Chip Roy reprezentujący w Izbie 21. okręg Teksasu wprowadził do krajowego Kongresu ustawę „Drug Cartel Terrorist Designation Act”, wymierzoną w meksykańskie kartele narkotykowe. Uchwalenie ustawy oznaczałoby wpisanie czterech największych organizacji przestępczym w Meksyku na listę zagranicznych organizacji przestępczych.
W ustawie wymieniono Kartel z Zatoki, Kartel Sinaloa, Kartel Del Noreste (ex Los Zetas) oraz Kartel Jalisco Nueva Generacion.
Nadanie grupom statusu organizacji terrorystycznych umożliwi organom ścigania zamrażanie środków, należących do bossów karteli, deportację członków tych grup z terytorium kraju, surowsze kary oraz przeznaczenie do walki z nimi większych zasobów wywiadowczych.
Roy w swoim oświadczeniu podkreślił, że kartelom latami udawało się wykorzystywać amerykańsko-meksykańską granicę do prowadzenia działalności przestępczej, a obecnie ich działania przybrały jeszcze bardziej brutalny charakter. Wspomniał m.in. o przypadkach podkładania ładunków wybuchowych na granicy z Teksasem i atakach na funkcjonariuszy straży granicznej.

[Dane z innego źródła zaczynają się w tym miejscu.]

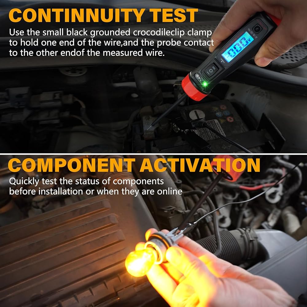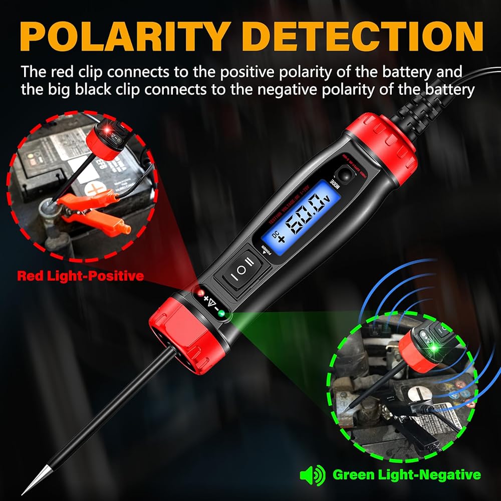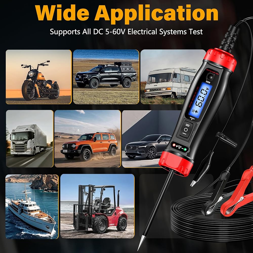 • موقع الدائرة القصيرة: جهاز اختبار مسبار دائرة الطاقة هذا مناسب للتشخيص في جميع الأنظمة الكهربائية للمركبات من 5 فولت إلى 60 فولت تيار مستمر. يمكنه فحص المفاتيح والمرحلات والصمامات والدوائر، مما قد يساعدك على تقليل وقت التشخيص في الأنظمة الكهربائية للسيارات.

Eksperci podkreślają, że kartele narkotykowe stanowią coraz większe zagrożenie dla bezpieczeństwa narodowego. Szacuje się, że te potężne przedsiębiorstwa przestępcze generują każdego dnia 14 mln dolarów zysku z handlu narkotykami, handlu ludźmi oraz innych, nielegalnych działań.